Extracted records
*****
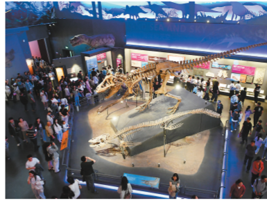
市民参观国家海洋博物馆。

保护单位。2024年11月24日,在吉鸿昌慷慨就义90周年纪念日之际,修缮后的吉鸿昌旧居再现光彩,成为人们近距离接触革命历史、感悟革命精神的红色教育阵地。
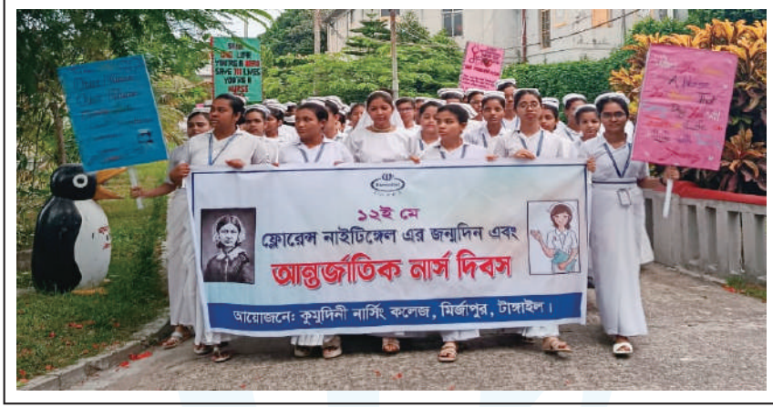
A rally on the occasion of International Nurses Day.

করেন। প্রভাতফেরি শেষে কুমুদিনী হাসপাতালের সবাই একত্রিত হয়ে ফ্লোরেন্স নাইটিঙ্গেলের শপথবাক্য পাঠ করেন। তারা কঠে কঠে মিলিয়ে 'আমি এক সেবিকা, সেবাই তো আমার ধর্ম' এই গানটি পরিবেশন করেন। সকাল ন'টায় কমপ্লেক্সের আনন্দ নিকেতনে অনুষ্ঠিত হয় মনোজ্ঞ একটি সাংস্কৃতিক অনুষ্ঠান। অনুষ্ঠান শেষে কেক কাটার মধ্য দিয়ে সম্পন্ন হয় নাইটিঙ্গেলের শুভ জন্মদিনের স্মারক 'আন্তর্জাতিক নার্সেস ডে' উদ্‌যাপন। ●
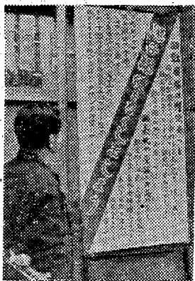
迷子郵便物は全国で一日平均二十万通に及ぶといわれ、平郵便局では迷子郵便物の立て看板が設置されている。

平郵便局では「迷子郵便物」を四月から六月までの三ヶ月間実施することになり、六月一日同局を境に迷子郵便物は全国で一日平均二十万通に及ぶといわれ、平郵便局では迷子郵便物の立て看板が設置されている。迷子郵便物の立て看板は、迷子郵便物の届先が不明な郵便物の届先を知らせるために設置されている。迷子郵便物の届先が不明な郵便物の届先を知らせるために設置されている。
*****
▶ _AIM OF THE EXERCISE_: Leaving the pictures aside, transcribe exactly the lines from the one containing "করেন। প্রভাতফেরি শেষে" to the final line of the entries above, both ends included.

▶ _SOLUTION TO THE EXERCISE_:
করেন। প্রভাতফেরি শেষে কুমুদিনী হাসপাতালের সবাই একত্রিত হয়ে ফ্লোরেন্স নাইটিঙ্গেলের শপথবাক্য পাঠ করেন। তারা কঠে কঠে মিলিয়ে 'আমি এক সেবিকা, সেবাই তো আমার ধর্ম' এই গানটি পরিবেশন করেন। সকাল ন'টায় কমপ্লেক্সের আনন্দ নিকেতনে অনুষ্ঠিত হয় মনোজ্ঞ একটি সাংস্কৃতিক অনুষ্ঠান। অনুষ্ঠান শেষে কেক কাটার মধ্য দিয়ে সম্পন্ন হয় নাইটিঙ্গেলের শুভ জন্মদিনের স্মারক 'আন্তর্জাতিক নার্সেস ডে' উদ্‌যাপন। ●
迷子郵便物は全国で一日平均二十万通に及ぶといわれ、平郵便局では迷子郵便物の立て看板が設置されている。

平郵便局では「迷子郵便物」を四月から六月までの三ヶ月間実施することになり、六月一日同局を境に迷子郵便物は全国で一日平均二十万通に及ぶといわれ、平郵便局では迷子郵便物の立て看板が設置されている。迷子郵便物の立て看板は、迷子郵便物の届先が不明な郵便物の届先を知らせるために設置されている。迷子郵便物の届先が不明な郵便物の届先を知らせるために設置されている。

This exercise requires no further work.